Section 2.2    Maturity. The stated maturity of principal for the Notes shall be February 25, 2030. 

Section 2.3    Further Issues. The Company may from time to time, without the consent of the Holders of Notes,
issue additional Notes, provided that if the additional Notes are not fungible, for U.S. federal income tax purposes, with the Notes the additional Notes will have a separate ISIN and/or any other identifying number. Any such additional Notes shall
have the same ranking, interest rate, maturity date and other terms as the Notes. Any such additional Notes, together with the Notes herein provided for, shall constitute a single series of Securities under the Indenture. 

Section 2.4    Form of Payment. 

(a)    Principal of, premium, if any, and interest and additional amounts, if any, on the Notes shall be payable in euros.

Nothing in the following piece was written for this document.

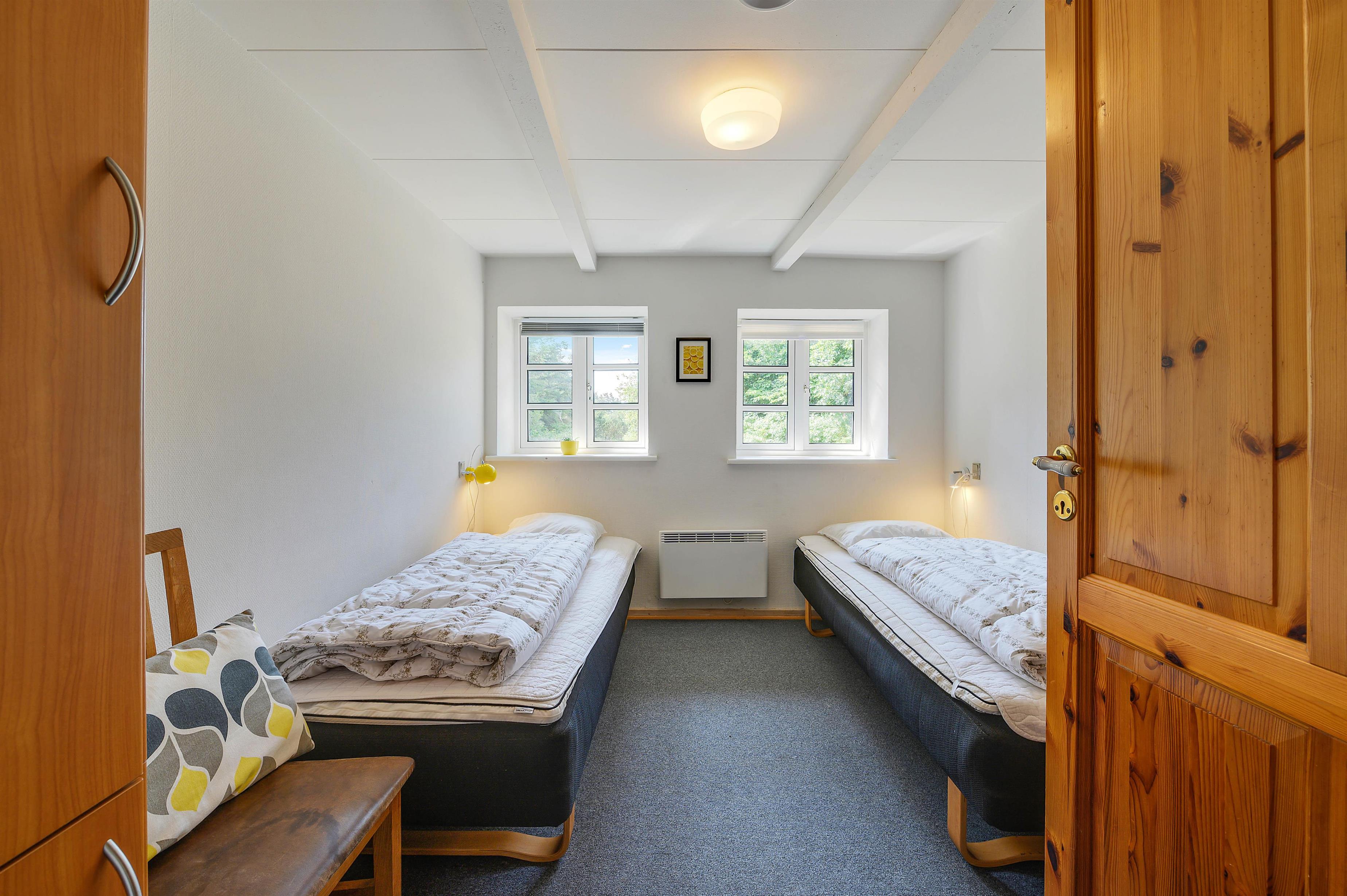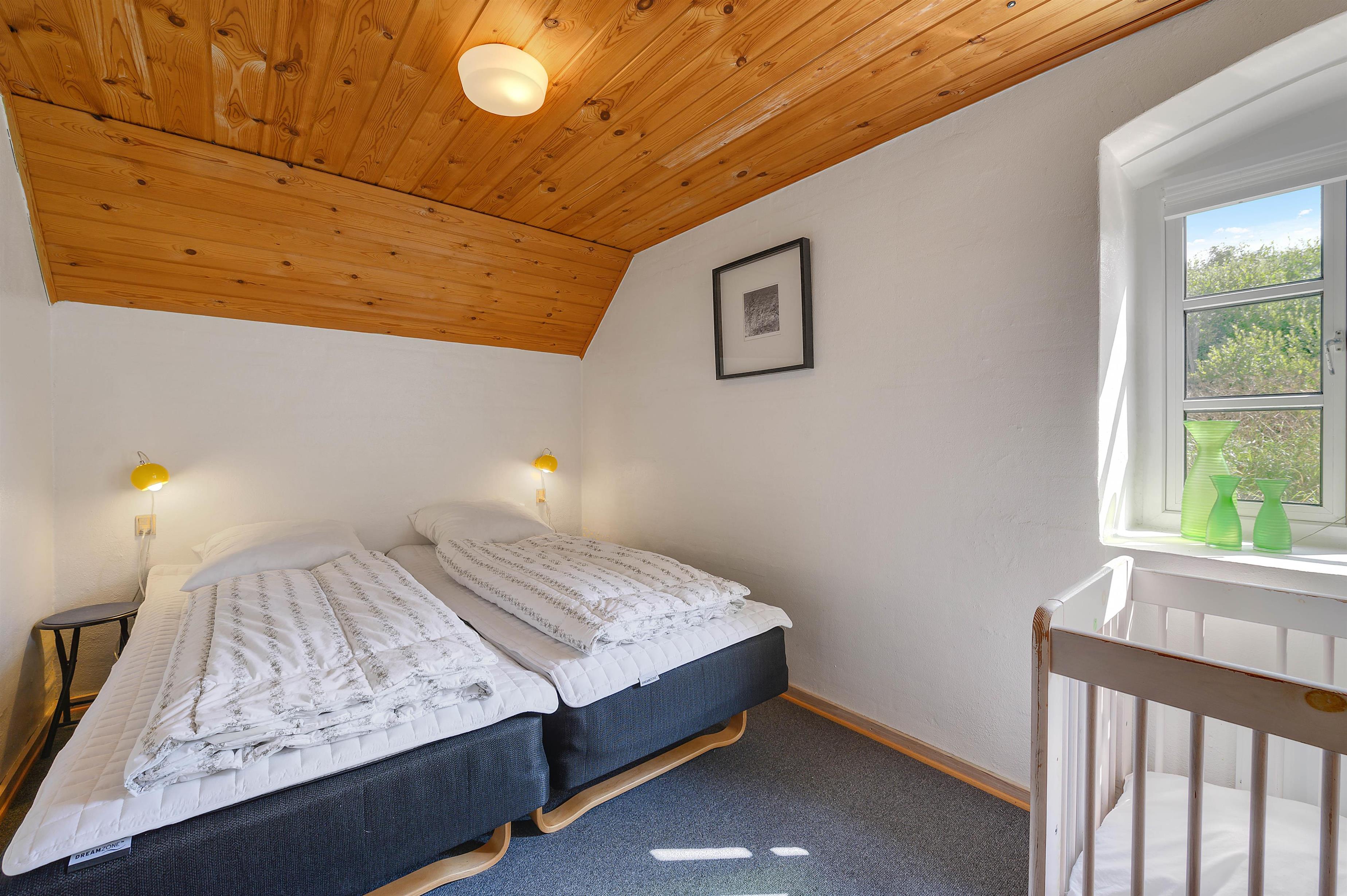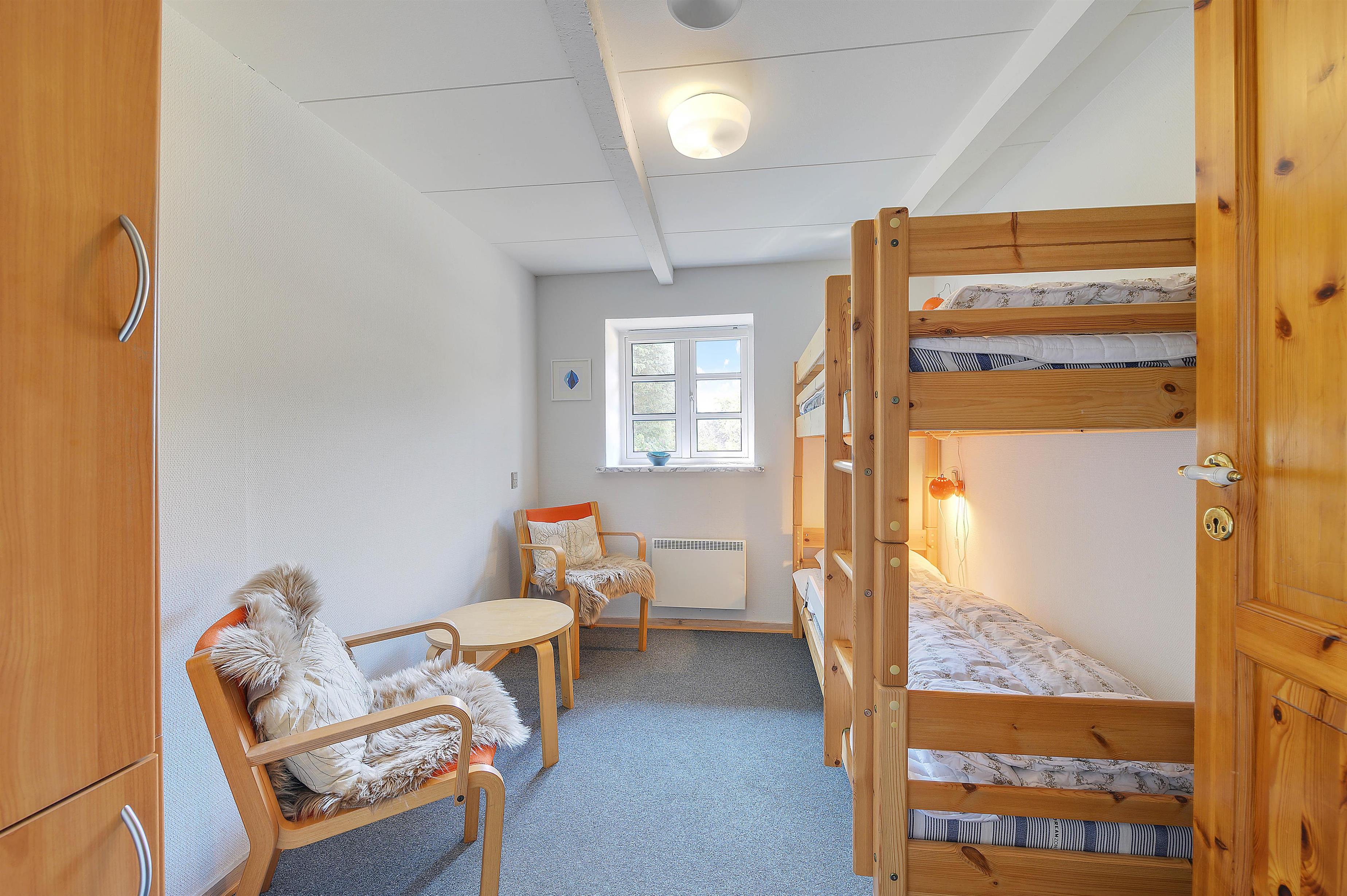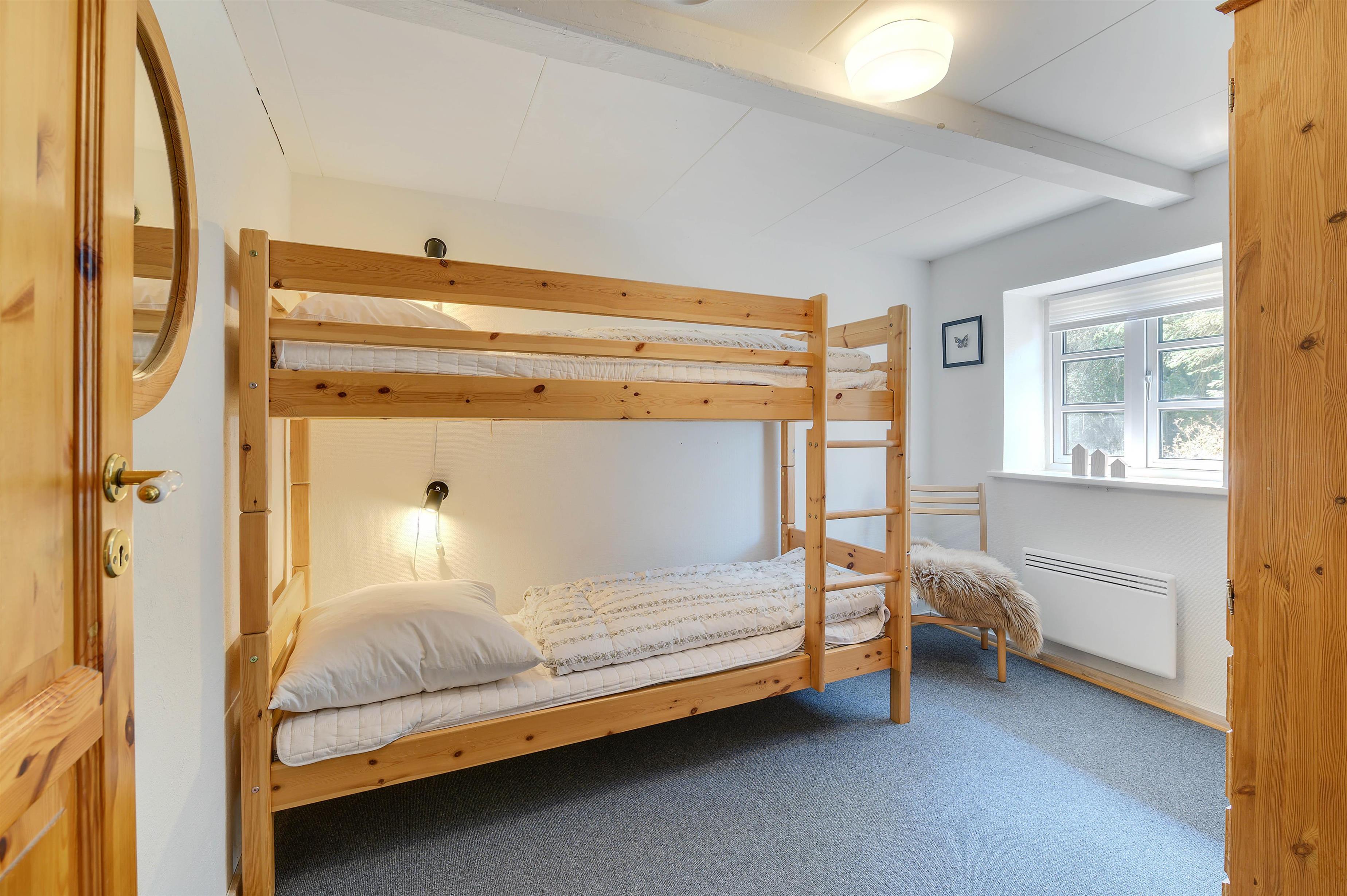 Sommerhuset er fordelt på 7 soverum, heraf har det ene dobbeltseng og derudover er der 6 enkeltsenge og 3 køjesenge. Stuen er i åben forbindelse med køkkenet, så I alle kan følge med i madlavningen og ferieplanlægningen.
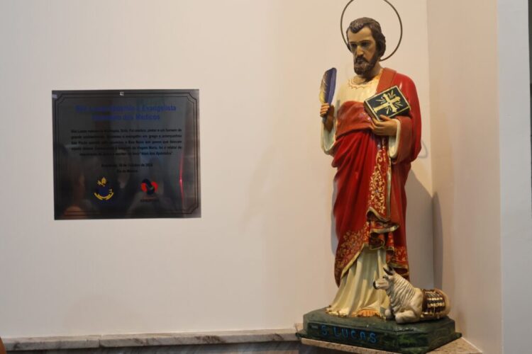 “São Lucas nos inspira a fazer o bem e a seguir o caminho da fé e do cuidado com o próximo. Hoje, além de abençoarmos essa imagem, queremos também agradecer e abençoar todos os médicos que exercem essa missão sublime”, disse o padre, destacando ainda o trabalho do diácono Osvaldo Medeiros, responsável pela restauração da imagem de São Lucas.

 (b)    Principal of, premium, if any, interest and additional amounts, if any, on the Notes shall be payable at the
office or agency of the Paying Agent at 125 Old Broad Street, London EC2N 1AR until such time as the Company designates an alternate place of payment or, at the option of the Company, payment of interest may be made by check mailed to the Holders of
the Notes at their respective addresses set forth in the register of Holders; provided that all payments of principal, premium, if any, and interest and additional amounts, if any, with respect to the Notes represented by one or more Global
Notes deposited with, or on behalf of, a common Depositary, and registered in the name of the nominee of the common Depositary for the accounts of Clearstream and Euroclear will be made through the facilities of the common Depositary. The Company
may change the Paying Agent without prior notice to the Holders and the Company or any of its subsidiaries may act as Paying Agent. 

  
 6 

 (c)    If on or after the date of this Supplemental Indenture, the euro
is unavailable to the Company due to the imposition of exchange controls or other circumstances beyond the Company’s control or if the euro is no longer being used by the then-member states of the European Monetary Union that have adopted the
euro as their currency or for the settlement of transactions by public institutions of or within the international banking community, then all payments in respect of the Notes will be made in U.S. dollars until the euro is again available to the
Company or so used. The amount payable on any date in euros will be converted by the Company into U.S. dollars on the basis of the most recently available market exchange rate for euro as determined by the Company. Any payment in respect of the
Notes so made in U.S. dollars will not constitute an Event of Default under the Notes or this Supplemental Indenture. Neither the Trustee nor the Paying Agent shall have any responsibility for any calculation or conversion in connection with the
foregoing. 
 Section 2.5    Global Securities and Denomination of Notes. 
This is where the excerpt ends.